Created: 02/27/2014 6:46 PM WHEC.com
By: Brett Davidsen

When you donate over the phone to charities, do you know how much of your money is actually reaching those organizations? A new report out by the New York State Attorney General says for-profit telemarketers in New York kept the lion's share of donations they raised on behalf of charities. 

According to the attorney general's report, charity fundraising is big business for some professional telemarketers hired to solicit your donations. In 2012, telemarketers registered in New York reported raising $249 million in contributions. Yet, statewide, the report says only 38% percent of it actually went to charitable organizations.

Eric Schneiderman, New York Attorney General, said, "It's important that donors, when determining which charities to support, understand exactly how much will be spent on charitable programs and how much will be used to pay telemarketers' salaries and other fundraising costs.”

Overall, the Rochester region fared comparatively well against the rest of the state. Fifty-two cents of every dollar went to the charity, while 48 cents went to the telemarketer.

Kiwanis Club of Rochester kept about 25% of what was solicited.
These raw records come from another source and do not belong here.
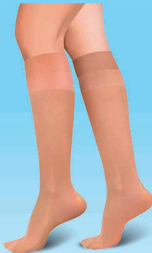
Rodilla Transparente Dama
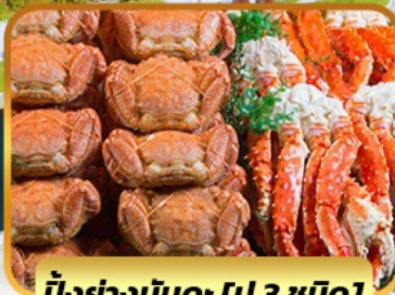
บึงย่างมันตะ [ปู 3 ชนิด]
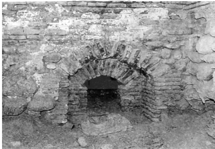
(تصویر ۳) آتشدان (تون) در زیر خزینه حمام فین کاشان (همان: ۲۸۵)

به فضای پردود و خاکستر متصل به گرمابه که کوره در آن بود، پاتون، تون و یا «گلخن» می‌گفتند. (تصویر ۳) راه ورود به گلخن در پشت ساختمان گرمابه بود و در داخل و خارج این فضا خس و خاشاک و تپاله و پهن برای سوخت گلخن انبار می‌شد. آتش تون دیگ خزینه را گرم می‌کرد که در نتیجه آن، آب خزینه داغ می‌شد. دود گرم حاصل از آتش تون نیز با وارد شدن به داخل کانال‌هایی (گربرو) که در سطح زیرین فضاها گرمابه وجود داشت، به صورت تبادل حرارت با کف حمام، موجب گرم شدن فضاها گرمابه می‌شد. کف حمام‌های سلطنتیاز سنگ مرمر بود.
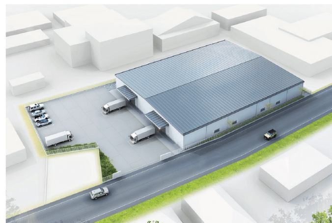
※2023年9月時点 完成イメージ
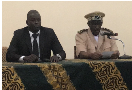
Réunion de la Commission Régionale du RGPH5 à Sikasso

Avec un meilleur usage de bonnes statistiques, on peut s'attendre à de bons résultats en matière de développement durable.

The Rochester Philharmonic did much better, keeping 68% of what was donated.

A couple of national organizations, like Mothers against Drunk Driving, received 26% of the solicited donations while Easter Seals Incorporated, based out of Chicago, cleared a little more than 7%. 

Several of the organizations News10NBC spoke with say the numbers don't tell the whole story. One of the groups on this list is a child advocacy group known as Caring for Our Children Foundation. According to the AG's report, professional telemarketers solicited a total of $318,680 in donations; yet, the organization received just 10% of that. News10NBC spoke by phone with the treasurer of Caring for Our Children Foundation. She says they are paying the telemarketer to not only solicit, but also to provide outreach over the phone to the community. She says any dollars they receive over the phone are above and beyond what they would have taken in had they not hired someone. 

Melody Gibson, Caring for Our Children Foundation, said, "Because we're retired and semi-retired ladies, who want to do something for at-risk children, we consider it very valuable. It's something we can't do by ourselves. We depend on professionals who know how to reach the public to make contact for us. When we stop calling, funds don't come in.”

Easter Seals Incorporated echoed that saying they use telemarketers as an investment to reach out to people who had stopped giving in hopes of bringing them back to the donor rolls and that it's a small piece of a much bigger fundraising program.  

In the meantime, when you're trying to decide who to give your money to, the attorney general offers this advice, ask the telemarketer how much of your donation will be used for charitable programs or, you might find that you can give directly to the charity instead.